I happen to read this post about trying to get the formula of $\sum_{n=1}^N n^m$ for Perron's formula. The general Perron's formula is
$$\sum'_{n\le x} a(n)=\frac{1}{2\pi i}\int_{\text{Re }s=c}f(s)x^s s^{-1}ds$$
where the prime on the summation indicates that the last term of the sum must be multiplied by 1/2 when x is an integer.

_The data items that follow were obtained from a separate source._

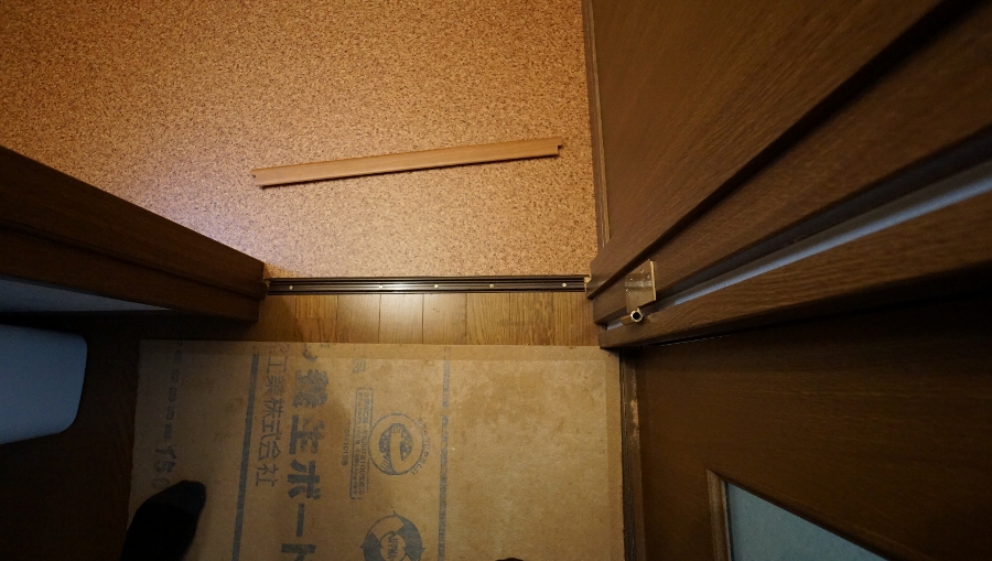 ↓ 内装工事の中川君に来てもらい、コルク柄のクッションフロアを貼ってもらい、幅木を再取り付けしました。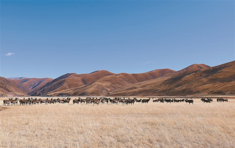 昌都市類烏齊縣保護(hù)區(qū)內(nèi)的馬鹿。記者 白瑪澤旺 攝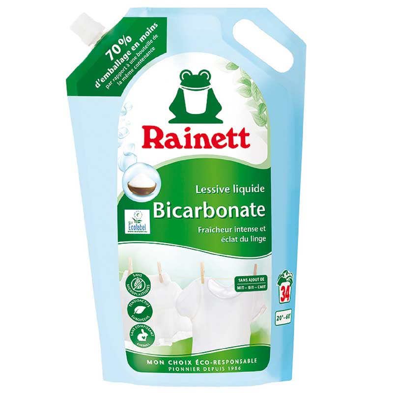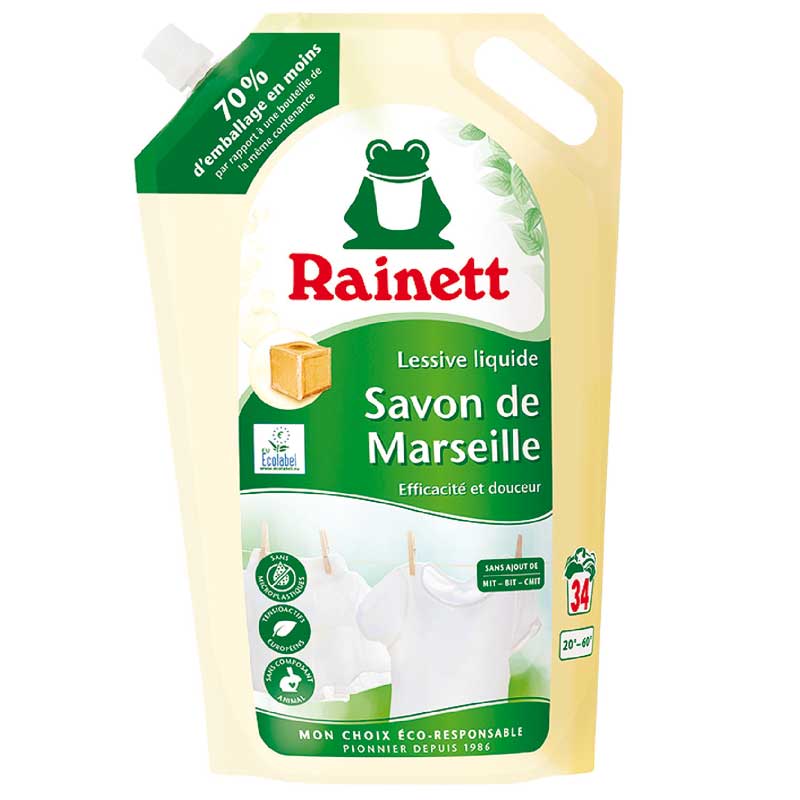 受控内饰, 致力于室内空气质量的独立标签. Rainett 杏仁洗衣液保证极低的污染物排放 (冠状病毒) 在室内空气中, 尤其是当衣服在屋内晾干时. Rainette 杏仁洗涤剂以 1L 生态补充装形式出售,与其他三种 Rainett 芦荟洗涤剂参考一样。, 含马赛皂和碳酸氢盐. 与相同容量的瓶子相比,这款柔性袋可节省 70% 的包装费用,并且允许您在家中多次重复使用瓶子.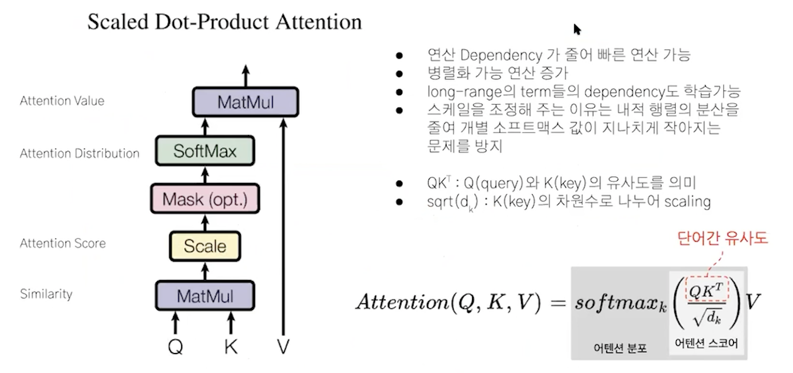 이해했으면 앞선 그림을 다시 살펴보자. 그러면 Q,K를 dot product하는 것은 결국 seq2seq with attention에서 decoder output과 ㅑencoder outputs간의 attention score을 구하는 것과 같다고 볼 수 있다.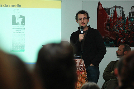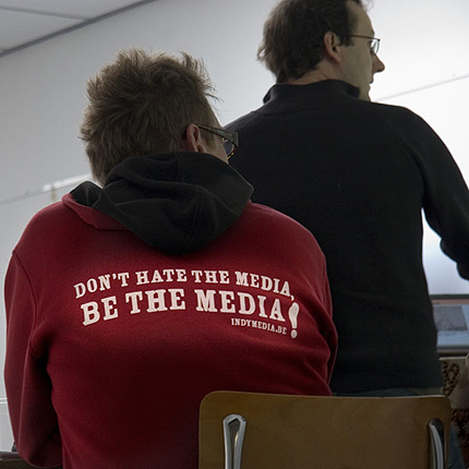 BRUSSEL -- Een kleine 100 nieuwsgierigen kwam zondag een kijkje nemen achter de schermen van Indymedia.be. De correspondenten, videasten en fotografen van de website stelden er hun werk voor. Er waren verschillende workshops waarin je leerde publiceren op de site of waarin videofilmpjes van Indymedia.be besproken werden. Professor Jan Blommaert zorgde voor de kritische noot.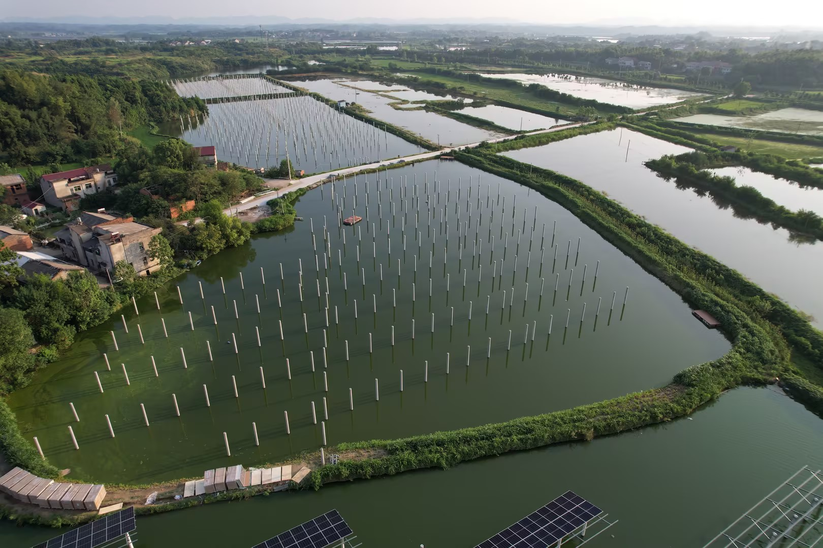 图为龙源电力湖北蕲春二期光伏场区桩基础施工完成

I made the following "ill proof" and want to know where I get it wrong:
Now let $x=N+\epsilon$ for $0<\epsilon <1$, then we can ignore the prime on the summation and write
$$\sum_{n\le N} a(n)=\frac{1}{2\pi i}\int_{\text{Re }s=c}f(s)(N+\epsilon)^s s^{-1}ds$$
Let $a(n)=n^m$, then $f(s)=\zeta(s-m)$. Now the formula above says
$$\sum_{n\le N} n^m=\frac{1}{2\pi i}\int_{\text{Re }s=c}\zeta(s-m)(N+\epsilon)^s s^{-1}ds$$
for $c>m+1$. Shifting the line of integration from $s>m+1$ to $s=1$, the only pole encountered is $s=m+1$ and the residue theorem gives us
$$\sum_{n\le N} n^m=\frac{(N+\epsilon)^{m+1}}{m+1}+\frac{1}{2\pi i}\int_{\text{Re }s=1}\zeta(s-m)(N+\epsilon)^s s^{-1}ds$$
The second term is $O(N)$ as $N$ goes to infinity because $\zeta$ is uniformly bounded in a vertical strip near $1-m$. So for high degree (>=2) terms, the coefficients of the binomial expansion of $\frac{(N+\epsilon)^{m+1}}{m+1}$ shall agree with the expression of $\sum_{n\le N} n^m$, in polynomial of $N$.
Now it turns out this is not true, because the coefficients are dependent on the choice of $\epsilon$.
Where is my mistake?
Thanks!